The Concentration Problem

At one point, a single customer like Uber represented a meaningful share of revenue. The people using the product daily had zero relationship with the people signing the contract.

When that customer decided to cut costs, Twilio felt it immediately. Developer love had gotten them in the door. It wasn’t enough to keep them in the building.

Building the Boring Stuff

So between roughly 2013 and 2017, Twilio did something a lot of growth-stage companies resist: it invested heavily in features that don’t excite anyone in a demo. Security certifications. SOC 2 compliance. ISO 27001. Admin tooling.

None of that trends on a product roadmap slide. All of it is what actually closes enterprise deals.

I’ve sat in enough renewal conversations to know this pattern well. The feature that gets a prototype built is rarely the feature that gets a seven-figure contract renewed. Twilio understood that developer affection was the foundation, not the finish line.

Marketing That Doesn’t Look Like Marketing

Here’s the paradox at the center of Twilio’s growth: its most effective marketing barely resembled marketing at all.

Developers can smell a sales pitch from across a hackathon floor. So Twilio’s team operated on one rule—show up and help, no strings attached. Evangelists in red jackets sat on the floor debugging localhost issues, sometimes for developers running a competitor’s product.

That’s not generosity for its own sake. It’s a long-term trust deposit. When the developer eventually needed a communications API, there was only one name they associated with actually helping them.

Turning Trust Into a Boardroom Conversation

The billboard campaign around Twilio’s 2016 IPO took that trust and pointed it upward. “Ask Your Developer” wasn’t written for developers. It was written for executives tired of hearing that a digital project would take years.

Executives went back to their teams and asked. The developers, many already building on Twilio, had answers ready.

That’s a sharp piece of strategic sequencing. Build grassroots credibility first. Then let that credibility do the persuading for you at the exact moment leadership is asking the question.

Solving the Silo Problem

By 2020, the company saw a new failure mode emerging. Customers had communication channels but no shared context. A buyer might get a marketing email from one team and a conflicting support text from another.

Twilio’s roughly $3.2 billion acquisition of Segment addressed that directly, connecting messaging channels to a unified customer profile. The company was no longer just moving messages. It was trying to make every message informed by the same understanding of who the customer actually is.

Today, under CEO Khozema Shipchandler and Chief Product Officer Inbal Shani, that same logic is extending into agentic AI—moving from rigid “if this, then that” workflows toward systems that reason across channels before a message is even drafted.

What This Means for Leaders Outside Tech

You don’t need to sell APIs to learn from this.

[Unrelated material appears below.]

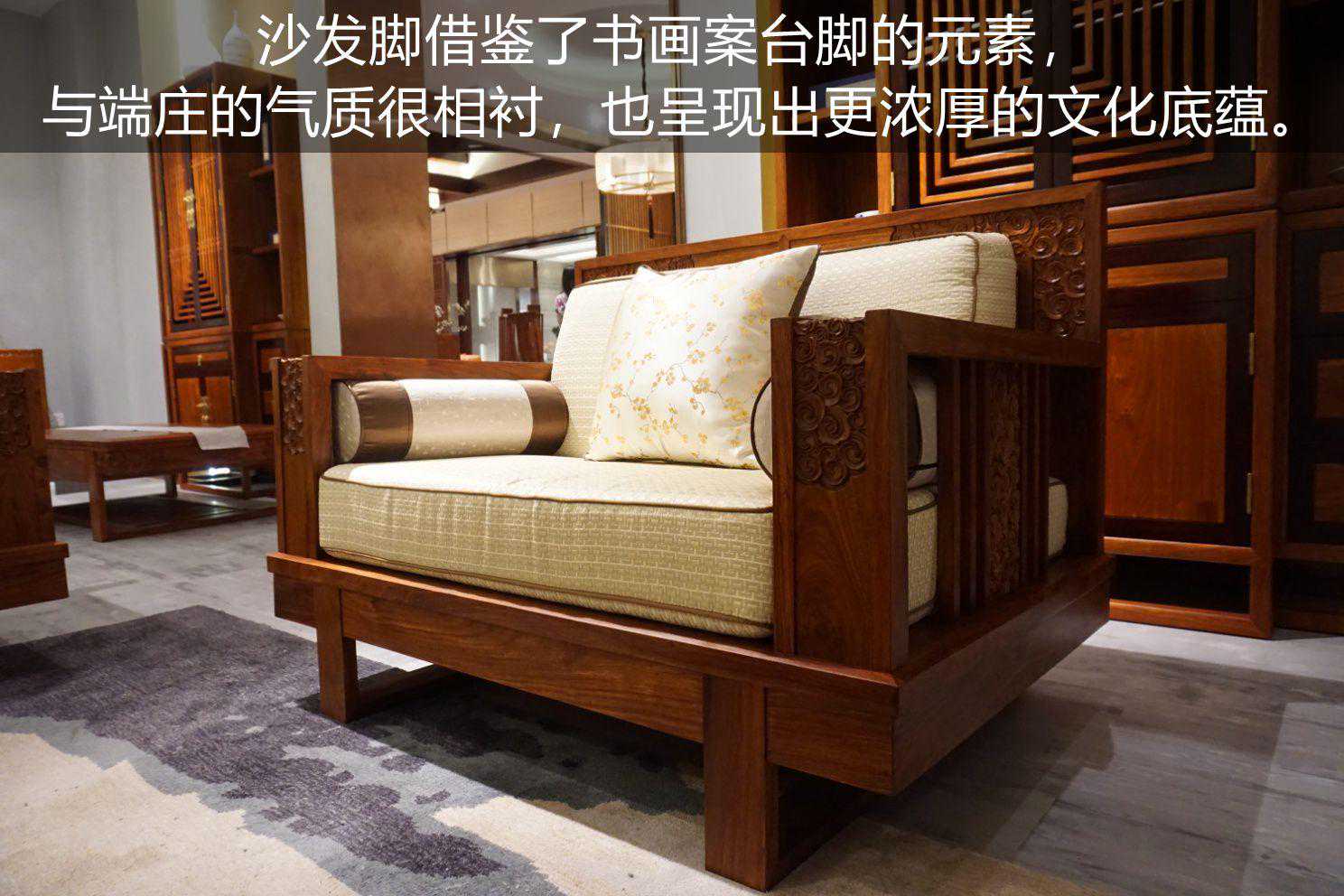 沙发脚借鉴了书画案台脚的元素,与整体端庄的气质很相衬,也呈现出更浓厚的文化底蕴。同时,加粗缩短的改良,让整体更显沉稳。

Twilio’s developer trust strategy scales down to a simple principle: find the people closest to the problem, earn their trust through genuine usefulness, and let that trust travel upward through the organization on its own.

A few lessons I’d take into any strategy session:

Solve for the people doing the work, but build for the people signing the check. Bottom-up adoption wins market share. Enterprise readiness makes it durable.

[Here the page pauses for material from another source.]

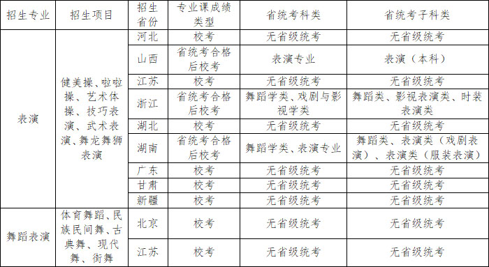 招考项目:健美操、啦啦操、艺术体操、技巧表演、武术表演、舞龙舞狮表演;

Follow the customer’s actual problem, not your original roadmap. Twilio launched with voice. Customers asked for SMS. It followed them.

Treat your documentation and content like a newsroom, not a brochure. A competitor can copy your features. They can’t easily copy years of genuinely useful content.

You cannot manufacture trust with a technical audience. You can only earn it, repeatedly, by being useful when nobody’s watching.

The Real Takeaway

Twilio didn’t win because it had better APIs than everyone else. Plenty of companies had decent APIs.

It won because it treated developer trust as the actual product, and let the infrastructure follow.

That’s a harder strategy to execute than it sounds. It requires patience most quarterly-minded executives don’t have. But if you’re building anything that technical people need to adopt before anyone else signs off on it, this is the only sequence that has ever reliably worked.